How to use this review:
- Pass bar: 9 of 10. Higher than lesson quizzes, because this is where knowledge proves it stuck.
- Answer in writing, in your own words, before checking anything. Constructing the answer is the exercise.
- With a tutor: it will run the review one question at a time, grade against the key, and generate fresh variants for any retake.
- If you miss the bar — or barely clear it — come back tomorrow, not in five minutes. Spaced retakes are dramatically better for retention than immediate ones. The gap is a feature.
Check your understanding
Q1. You have a beautifully structured rules document sitting in a chat thread. List the escalation path it should travel — thread → ? → ? — naming what each stage adds and what limitation pushes you to the next.
Q2. Write the frontmatter description for a skill that handles your team’s client-onboarding checklist — then explain what job that field performs and the mistake that makes skills invisible.

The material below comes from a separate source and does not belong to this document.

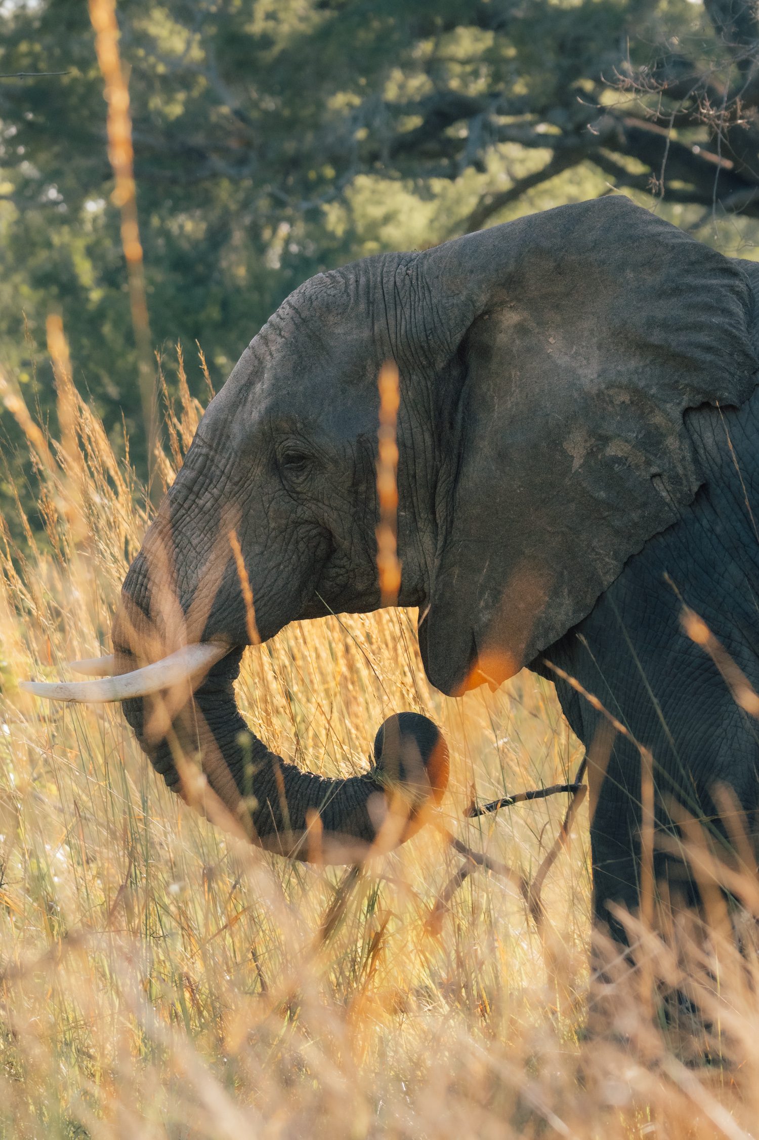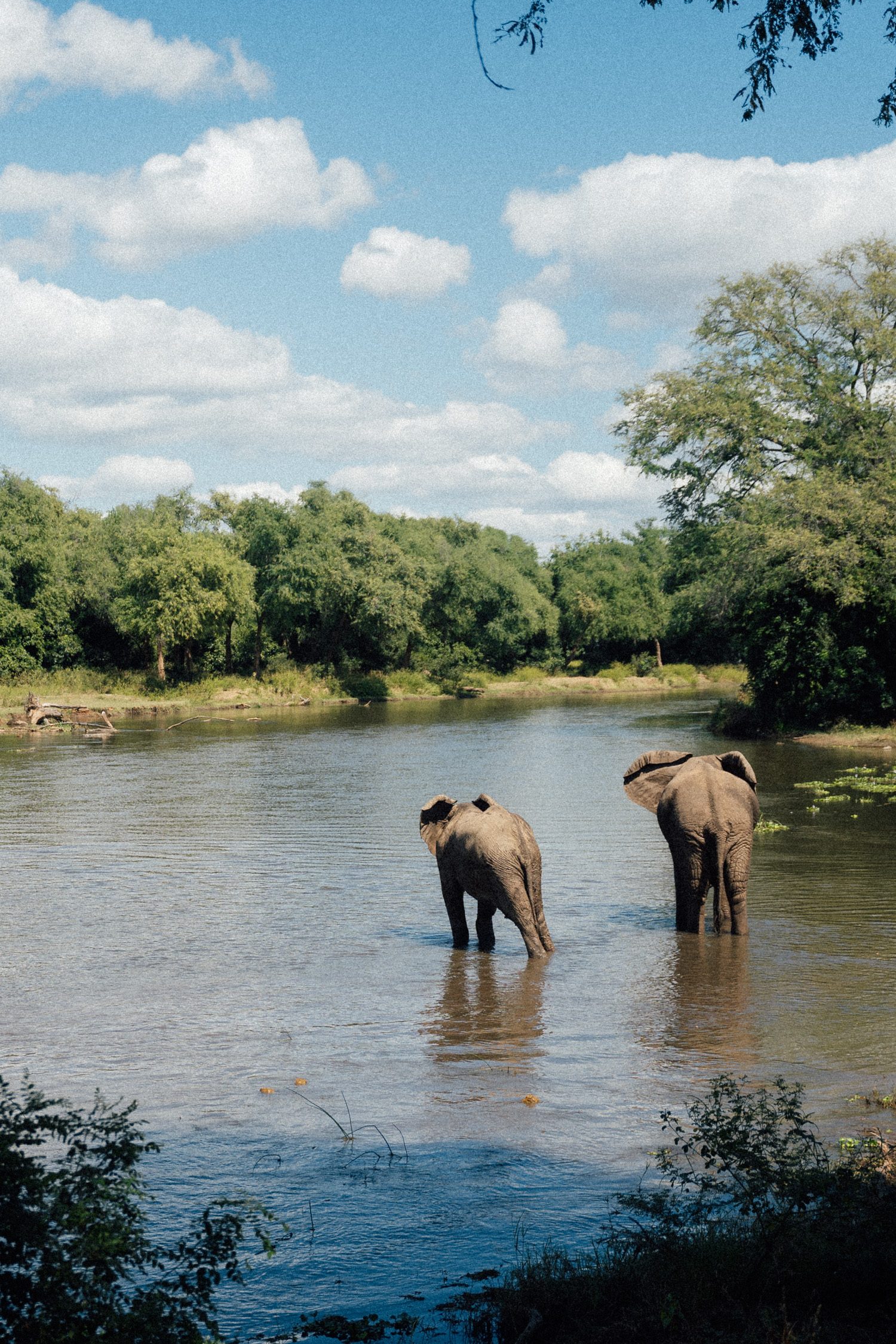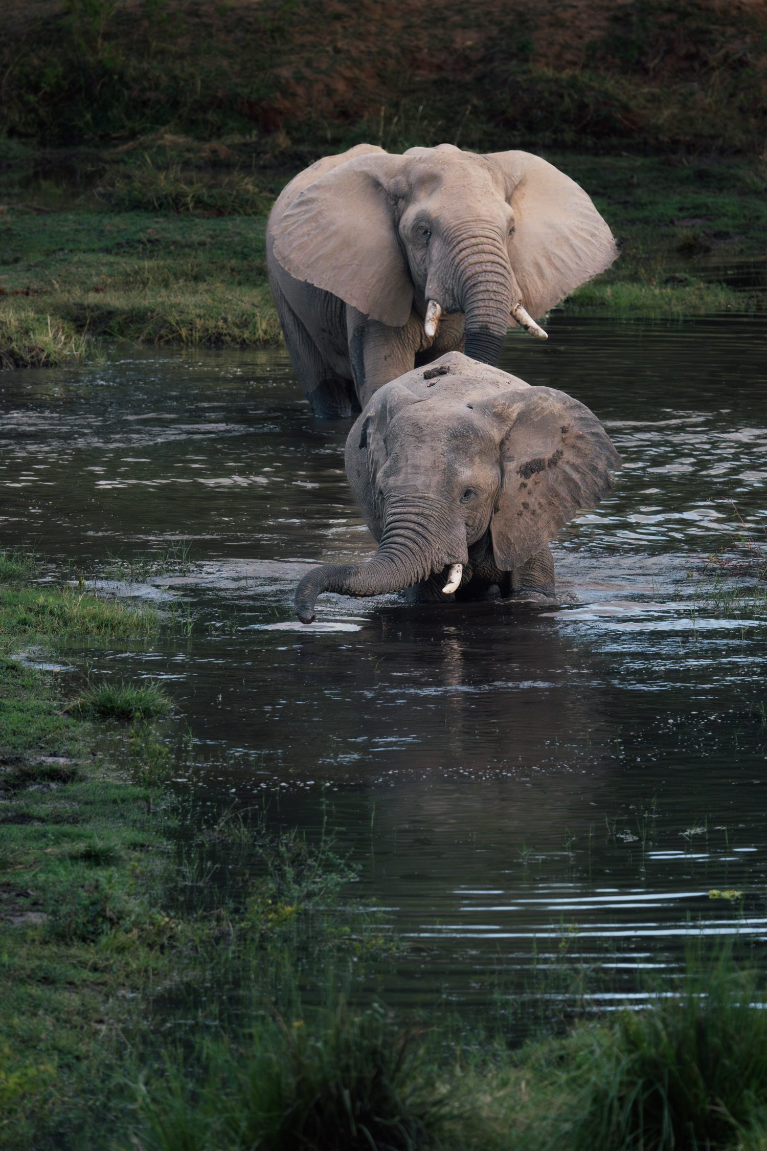 We decided to take the opportunity and do the transfer by boat instead of by car. This gave us an extra activity in the late morning hours. When coming close to Chula Camp we already spotted elephants at the shoreline of one of the islands in the river. We approached carefully and couldn’t believe how close we could get to the three large elephant bulls, without them even lifting a brow. Quite the opposite – they actually decided to head into the water and play in the river right in front of us. It looked like they were practicing mating rituals with each other that day and we enjoyed this sighting to the fullest.

Q3. A consultant proposes six weeks of process documentation before any AI work. Management balks. Make the argument for why this is the AI project — and name the benefit that survives even if no AI is ever deployed.
Q4. Claude analyzed your exported sales data and flagged a pattern you’d missed. Before acting on it, what three things do you demand to see, and what is the general property they add up to?
Q5. Your team wants Claude to answer questions from the shared Drive and the support inbox by next week, and nobody owns a terminal. Lay out the path, and explain what those connections actually are under the hood.
Q6. Same skill file: works on your machine, authentication error on your teammate’s. Diagnose the design flaw and describe the pattern that makes one skill file portable across every machine.
Q7. Explain the difference between what a Project remembers and what a SKILL.md knows — scope, formality, and the moment a piece of knowledge should graduate from one to the other.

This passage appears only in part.